Critique - Théâtre - Avignon Off
La musica Deuxième
Une partition de théâtre de chambre
Par Michel VOITURIER

Elle et lui assis derrière une table. Ils sont comédiens. Ils découvrent un texte, celui de Marguerite Duras. Ils tâtonnent un peu. Ils montrent clairement qu’eux comme nous sommes au théâtre. Ils ne lisent pas que leurs répliques, ils énoncent aussi les didascalies, ces indications de l’auteur destinées aux praticiens de plateau. S’établit alors un décalage très net entre fiction de l’écriture et des personnages, présence charnelle des acteurs et des spectateurs.
Le travail du passage du lecteur d’un livre à l’intégration d’un rôle par des acteurs se déroule alors par étapes successives, à peine discernables à travers quelques signes dans la voix, les corps, l’utilisation des objets d’un décor aux apparences initialement inadaptées d’une salle de répétitions. Catherine Salées devient Anne-Marie et Yoann Blanc, Michel.
La metteure en scène Guillemette Laurent traite cette partition durassienne avec subtilité. Elle accorde aux mots leur potentiel musical, aux acteurs leur liberté d’interpréter en fonction de leur personnalité sans trahir le contenu des répliques, à l’art dramatique de montrer ses techniques et ses astuces pour convaincre un public qu’il assiste à un moment de réalité au point d’oublier un décor peu réaliste, des contradictions dans le rapport entre répliques et comportement.

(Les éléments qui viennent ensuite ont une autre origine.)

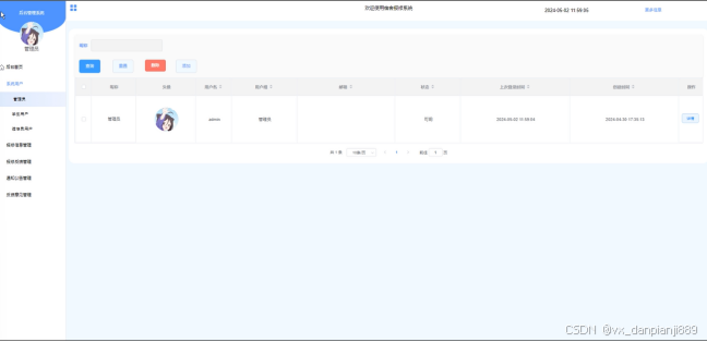 管理员可以全面管理系统用户,包括管理员、学生用户、维修员用户。管理员能够执行增删改查操作,查看用户详情,并根据需要分配不同的权限和角色,系统用户界面如下图所示。

Le semblant vrai et le vrai semblant
Ce tour de force singulier que seul le théâtre, spectacle vivant, est susceptible de réaliser et de réussir, est éblouissant. Les échanges entre conjoints désormais disjoints se nourrissent d’imperceptibles nuances, celles qui vont au-delà des réactions psychologiques pressenties, au-delà des simulacres connus puisque chaque être humain a éprouvé, ne serait-ce qu’une fois durant son existence, une rupture.

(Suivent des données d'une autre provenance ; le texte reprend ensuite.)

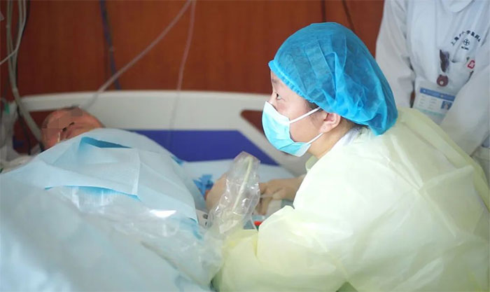 ▲ 神经内科7A病区护士长李楠楠正在为患者进行PICC置管

La pièce passe par andante, adagio, allegro, vivace, moderato, scherzo, agitato agrémentés de nombreux points d’orgue, ces moments où le silence prend sens. Le tempo rejoint aussi la musique elle-même sur laquelle on danse en discothèque, sur laquelle on laisse voguer ses sentiments comme celle de Beethoven qui s’insère avec opportunité.
Les tempos s’associent au temps. Le passé défile en épisodes choisis. Les ressentis jamais exprimés surgissent. Les élans contraires vers le suicide pour l’une, vers des pulsions de meurtre pour l’autre, remontent au jour. Derrière cela, se sent la force attractive vécue durant tant d’années en duo. À travers cela, se dessine l’inéluctable de la séparation irrévocable, associée aux douleurs elles-mêmes inévitables.
La lumière s’avère un des éléments clés de cette réalisation. Julie Petit-Etienne est parvenue à une variété accordée. De l’intimiste lampe de bureau du début à la frontière lumineuse au sol qui transforme un mobilier laissé pour compte en espace vide derrière comme devant, les éclairages n’ont cessé de varier. De rares pleins feux, souvent des éléments mis en valeur, parfois des corps surpris en action ou en attente, des pénombres localisées… De quoi accompagner mots, sentiments, mouvements, mimiques qu’Anne-Marie et Yoann Blanc enchaînent avec une maîtrise nourrie d’une humanité généreuse.